Glen and Julie Andreazza’s family have been supplying the variety of soft wheat, a key ingredient for Arnott’s biscuits Tim Tams and Scotch Fingers, for 50 years.

The couple, who run a 370ha grain production operation of rice, wheat and recently corn at Willbriggie south of Griffith, are a finalists for NSW Farmer of the Year.

“I left school at 16 and farming means everything to me, from looking after the environment to monitoring the next generation of farmers,” Mr Andreazza said.

“My son Daniel now works alongside me and we share a passion for the land but from difference points of view. I assist my son with practical knowledge and share my insights and experience and he shares his financial skills.”
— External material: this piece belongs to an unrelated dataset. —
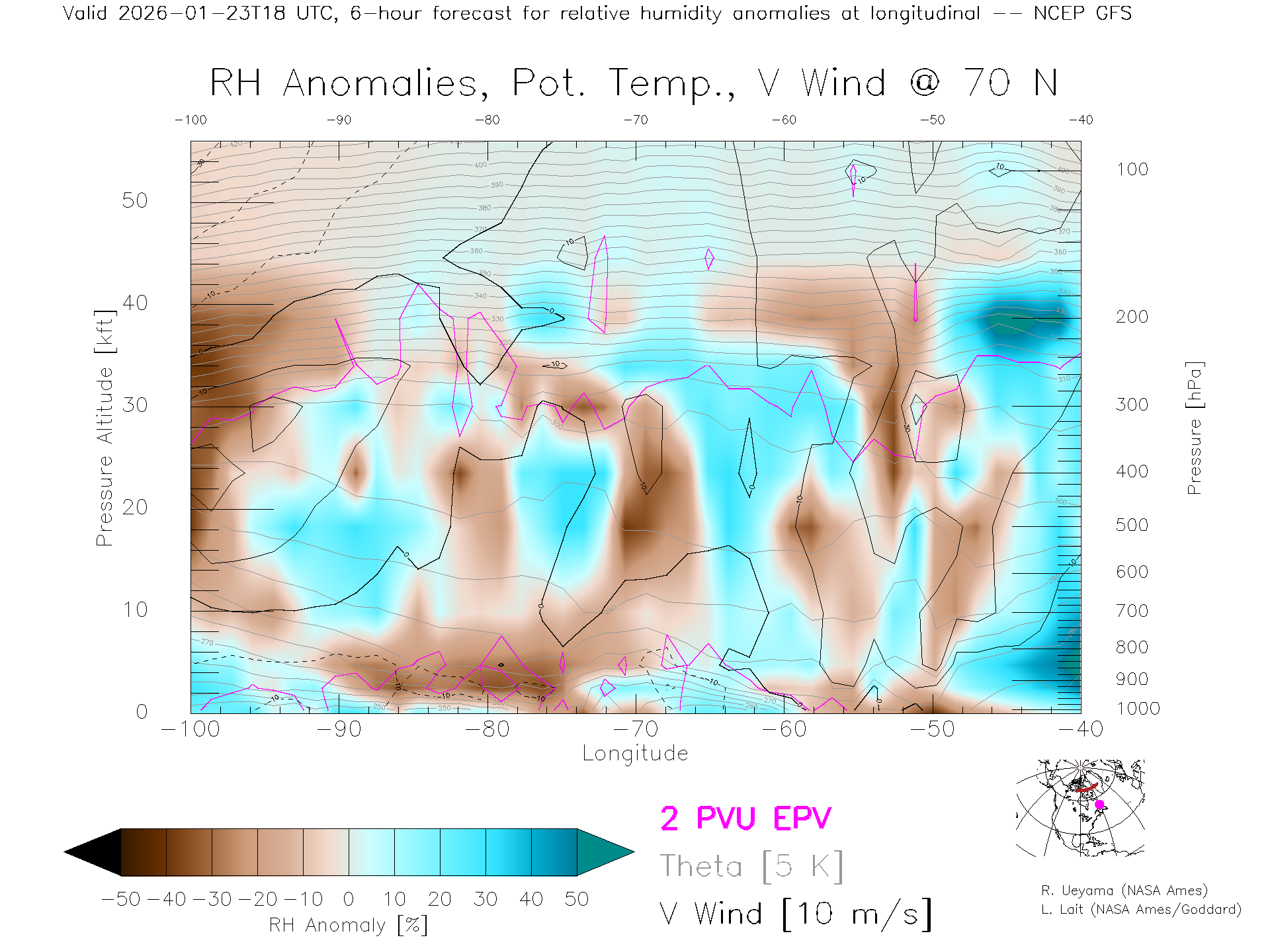 NCEP GFS Forecast Rel. Hum. X-Section (70 N)

Primary Industries Minister Niall Blair said Mr Andreazza balanced environmental practices with making a profit in producing his summer rice crops and winter cereals, which used residual moisture from the rice production.

Glen and Julie Andreazza

Glen and Julie Andreazza

“The farm recycles all its water, with quick-flow irrigation systems and solar panels, which offset the cost of electricity and help reduce emissions created by fossil fuels,” Mr Blair.
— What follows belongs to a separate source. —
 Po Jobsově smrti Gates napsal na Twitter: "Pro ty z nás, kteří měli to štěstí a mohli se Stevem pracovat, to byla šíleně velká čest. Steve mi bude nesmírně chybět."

In 2006 – the middle of the decade-long drought – Mr Andreazza began drought-proofing his property. He bought a water licence and installed a bore on the farm in addition to a blend of general and high security water allocation.

“The bore has allowed me to utilise 700 megalitres of water per year from the ground to enhance water security in dry years for my crops,” Mr Andreazza said, who is part of the Ricegrowers’ Association and  a director of SunRice.

“This has become a key factor in my drought preparations as this now allows me to grow a crop of some form every season and strengthen my relationships with my key distributors.”

He also hosts breeding trials on their property facilitating education on potential varieties.

The successful 2018 NSW Farmer of the Year winner will be announced at the Farm Writers’ Association of NSW event in Sydney on December 5 at Parliament House. They will win $10,000 and the finalist will receive $2000. The award is a joint initiative between the NSW Department of Primary Industries and NSW Farmers, with the support of SafeWork NSW and The Land newspaper.